The 1934 Ford DeLuxe Roadster was welcomed with much publicity and fanfare in the midst of the Depression. On Dec. 3, 1933, the Ford family hosted newsmen at a Dearborn preview of the nicely updated Model 40 Ford DeLuxe Roadster for 1934.
"Changes in the appearance of the attractive car include new hood, radiator and grille lines, a new instrument panel, and luxurious new upholstery treatment," Automotive Industries reported. "The curve in the grille has been eliminated and there is a new ornament surrounding the radiator cap. Hubcaps and the spare tire-lock cover are also new, as is the V-8 insignia on the grille."
Inside, the engine-turned instrument panel insert was discarded in favor of a plain painted dash of similar layout.
New accessories for 1933 had included a radio, dual wipers, and heater. For 1934, Ford added a touch of Lincoln-style class with a beautifully cast radiator cap in the image of a running greyhound. And for the first time, body-color fenders were offered at no extra charge.
The Detroit Lubricator carburetor was replaced by a better-engineered Stromberg dual-downdraft type.

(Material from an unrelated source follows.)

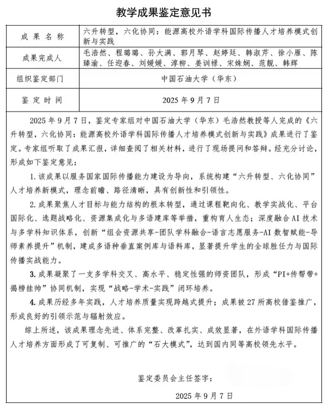 2025年9月3日,鉴定专家组对中国石油大学(华东)毛浩然教授等人完成的《六升转型,六化协同:能源高校外语学科国际传播人才培养模式创新与实践》成果进行了鉴定。专家组听取了成果汇报,详细查阅了相关材料,进行了现场提问和答辩。经充分讨论,形成如下鉴定意见: 一、成果直面国家国际传播战略与外语学科转型的核心痛点,体系设计科学,育人理念领先 该成果精准切中国际传播人才“小才拥挤、大才难觅”和“有理说不清、说了传不开”的现实瓶颈,以服务国家国际传播能力建设为导向,系统构建“六升转型、六化协同”人才培养新体系,实现从“工具性+人文性”向“战略性+科学性”的范式跃升,理念前瞻、战略清晰,具有显著创新性和引领性。 二、“六升六化”机制系统协同,培养路径创新,改革举措扎实 “六升”聚焦人才目标与能力结构的根本转型,突破传统外语人才培养的低阶循环;“六化”通过课程靶向化、教学实战化、平台国际化、选题战略化、资源集成化与多语建库等举措,重构育人生态。尤其在“数智赋能”与“学科融合”方面,深度融合AI技术与多学科知识体系,创新“组会资源共享-团队学科融合-语言志愿服务-AI数智赋能-导师素养提升”机制,建成多语种垂直案例库与语料库,显著提升学生的全球胜任力与国际传播实战能力。 三、实践成效显著,辐射推广广泛,社会服务贡献突出 成果历经多年实践检验,人才培养质量实现跨越式提升:CATTI二级通过率从4.1%提升至28.6%,61人通过4个CSC项目赴海外开展田野调查,30余人进入国际组织实习;建成语言服务博士点及6个省部级平台;研发的孤独症语言障碍干预系统服务超5000人次;“语爱同行”“语医同行”志愿服务获国家级和省级金奖。成果被27所高校借鉴推广,形成良好的引领示范与辐射效应。 四、团队结构优化,协同机制高效,可持续发展能力强 成果凝聚了一支多学科交叉、高水平、稳定性强的师资团队,形成“PI+传帮带+揭榜挂帅”协同机制,依托多个省级科研与教学平台,实现“战略—学术—实践”闭环培养,具备持续发展、推广与迭代能力。 建议进一步加强对国际传播实效的长期跟踪与综合评价,持续优化“六化”协同机制、数智赋能和学科融合路径。 综上所述,该成果理念先进、体系完整、改革扎实、成效显著,在外语学科国际传播人才培养方面形成了可复制、可推广的“石大模式”,达到国内领先水平。专家组一致同意通过鉴定。

This yielded 10 extra horses, bringing the rating of the flathead V-8 to 85 bhp.
Prices ranged from $505 for the two-passenger coupe to $660 for the woody station wagon. The DeLuxe two- to four-passenger roadster, complete with rumble seat, listed at a modest $525.
With all the good press and the company's renewed interest in promotion, sales of the dandy 1934s began to take off. Among the new model's earliest champions were police officials who used its explosive speed to chase crooks -- and crooks who stole new Fords to outrun the law.
Infamous bank robber Clyde Barrow was one unabashed admirer who took time from his criminal pursuits to praise V-8 virtues in a letter sent to a surprised Henry Ford.
It said, in part: "I have drove [sic] Fords exclusively when I could get away with one. For sustained speed and freedom from trouble the Ford has got ever [sic] other car skinned and even if my business hasen't [sic] been strictly legal it don't hurt enything [sic] to tell you what a fine car you got in the Ford V-8."